Tahiri sighs. "I went willingly," she says at last. "He was manipulating me about saving Anakin, but not about . . . that. And it wasn't until after he and Tenel Ka broke up, after he kidnapped Allana. I wouldn't never have . . ."

"I'm not judging. I know Jacen was a monster, but I'm glad that it didn't extend to that."

"I'd have killed him in his sleep if he'd done that to me," Tahiri tells her bluntly.

Jaina calls water bottles over for both of them, and cracks hers open. "I'd have held him down if he had."

After a moment, Tahiri snorts softly. "We're a mess. Here I am, I've been involved with both of your brothers, who are now dead . . . You went dark after Anakin died. Why didn't you after you killed Jacen?"

Looking down at her hand, the one Jacen smashed, Jaina says, "Because I did after Anakin. Because I knew how not to the second time. Because people cared more the second time than they did the first."

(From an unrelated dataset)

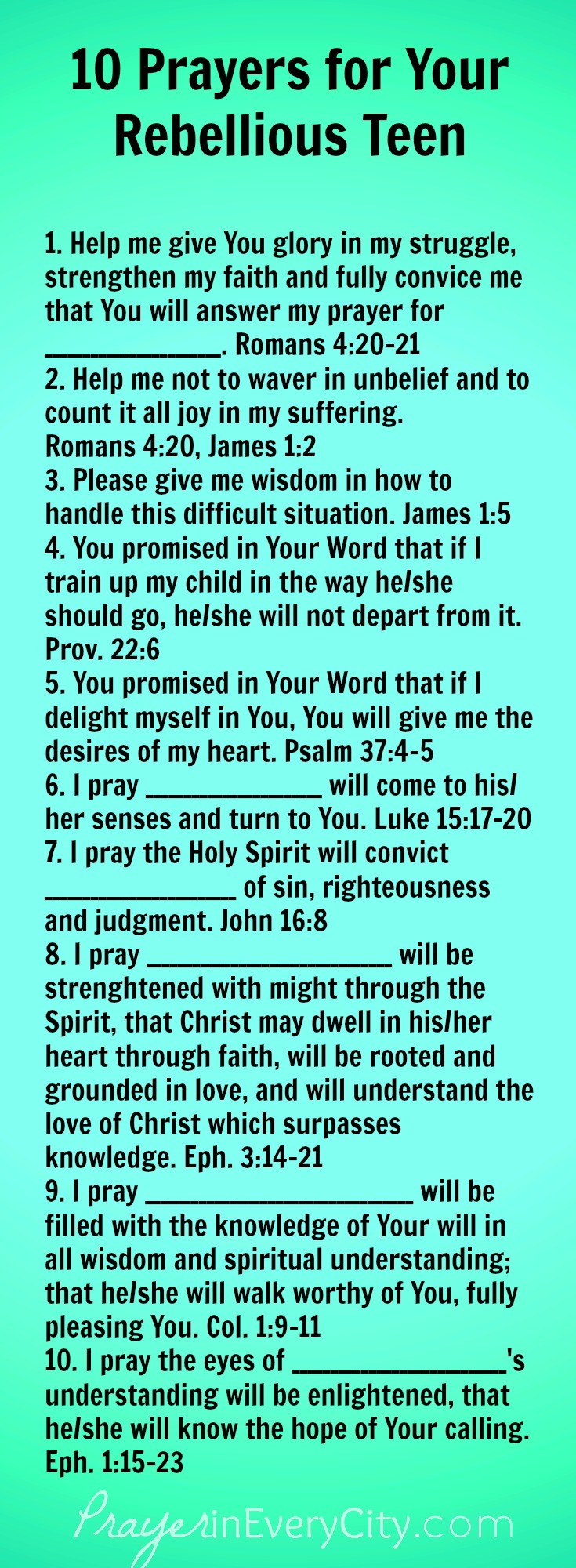Click here for a printable version for your prayer journal: 10-prayers-for-rebellious-teen

"You had Jag, after Jacen. You weren't in a relationship after Anakin's death. He was good for you."

"That's part of it. Being older helped. But also . . ." She hesitates, knowing that she can't tell Tahiri everything. Her friend still thinks Jag hung the moon, and Jaina doesn't. "Because . . . Anakin's death was a sudden shock, and Jacen's death I planned."

They're both quiet for a long time. Then Jaina says, "If I could make a wish, and have that one thing come true? The Yuuzhan Vong would never have come to our galaxy. No one would have died. Jacen wouldn't have fallen. Raynar wouldn't have become what he did."

She likely would have never met Jag because they wouldn't have emerged from Chiss space to fight the Vong. And Kyp . . . She probably would have ended up with Kyp ten years sooner, at least, because there had been something there all along, since she was sixteen and had run into him at the academy. She just hadn't seen it until now. Had he?

"Yeah, that's a good wish. Too bad we can't change the past, huh?" Tahiri gets to her feet, more gracefully than Jaina might have at that moment, and stretches her arms behind her head. "I'm gonna hit the showers. I'll see you later."

Jaina nods, watches her go towards the locker rooms. She wants to tell her about Kyp, but now isn't the time.

She wonders if Tahiri will ever understand.